NAIDOC Week: closing the gap of understanding

Floyd Leedie is the Chief Executive Officer, Goondir Health Services and proud Wakka Wakka man who has spent much of his career working for Aboriginal and Torres Strait Islander service providers.

Philosophical by nature, Floyd calls himself a realist who accepts and embraces the dualities of both cultures, which he acknowledges is challenging and controversial for some.

On the theme of NAIDOC Week—Always Was, Always Will be—Floyd cites his parents and grandparents’ lineage with the Wakka Wakka, Kullilli and Lama Lama peoples and is clear that cultural programs teaching understanding is how we keep the connection alive for all Australians.

“We can’t go back, we can only make the most of now and seek to understand our traditions and culture and preserve and celebrate what we still have,” says Floyd.

When reflecting on his first memory of land and its significance to him, Floyd is immediately transported to Cherbourg at around age four as a kind of homecoming.

“I didn’t realise there were so many black people living in one place. It felt like home.”

His early years were spent moving to wherever the work took his Father, a fettler who maintained the railway tracks. The family finally put down roots when Floyd was 13, when his parents returned permanently to Cherbourg—also the place of his Mother’s childhood: a child of the Stolen Generation.

“Even now as I travel, once I hit the Bunya Mountains, cross the Frank ‘Big Shot’ Fisher bridge at Cherbourg or pass a site in Maidenwell where smoking ceremonies took place, I feel I’m home, back with my mob, my people.”

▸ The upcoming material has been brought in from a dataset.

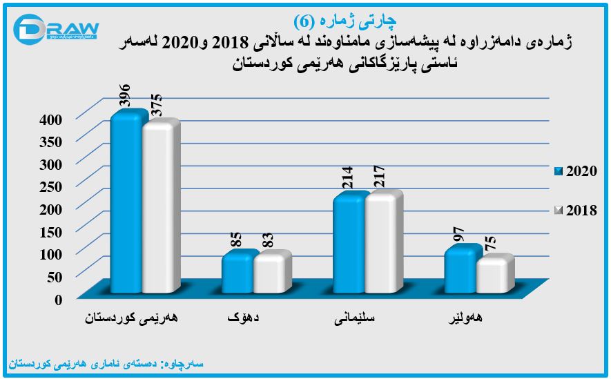 1. ژمارەی دامەزراوەكان: بەپێی ئەنجامەكانی رووپێوی دامەزراوەی پیشەسازی مامناوەند دەركەوتووە كە ژمارەی دامەزراوەكان کە لە ساڵی 2020 کار دەکەن (396) دامەزراوەن بەبەراورد بە ژمارەی ئەو دامەزراوانەی کە لە ساڵی 2018 کاریان دەكرد كە ژمارهیان (375) دامەزراوە بووە، واتە ژمارەی دامەزراوەی مامناوەند بەرێژەی (5.6%) لە هەرێمی كوردستان زیادیكردووە بەبەراورد بە ساڵی 2018. لەسەر ئاستی پارێزگاكانی هەرێمی كوردستان هەر چەندە کە پارێزگای سلێمانی لە (217) دامەزراوە لە ساڵی 2018 کەمی کردووە بۆ (214) دامەزراوە لە ساڵی 2020، بهڵام زۆرترین رێژەی دامەزراوەی مامناوەند دەكەوێتە ئەم پارێزگایە بەرێژەی (54%) و هەروەها ژمارەی دامەزراوەكان لە پارێزگای هەولێر لە (75) دامەزراوەوه لە ساڵی 2018 بەرزبووتەوە بۆ (97) دامەزراوە لە ساڵی 2020 کە بە پلەی دووەم دێت بە رێژەی (25%) دامەزراوەکان. لە پارێزگای دهۆك لە (83) دامەزراوەوه لە ساڵی 2018 بەرزبووتەوە بۆ (85) دامەزراوە لەساڵی 2020 و رێژەی دامەزراوەکان دەگاتە (21%)ی دامەزراوەکان لە هەرێمدا. لهم بارهیهوه (بڕوانه چارتی ژماره (6)).

“It hits me as a feeling when I return to Country. It’s a sense of ease, comfort, like one big back yard,” says Floyd.

With a Bachelor of Commerce (Accounting major) to his credit, Floyd has been the CEO of Goondir Health Services for more than a decade now. He says what drives its success is the holistic model of practice: a combination of primary health care services, as well as prevention, intervention and education programs for the more than 5000 Aboriginal and Torres Strait Islander people it serves.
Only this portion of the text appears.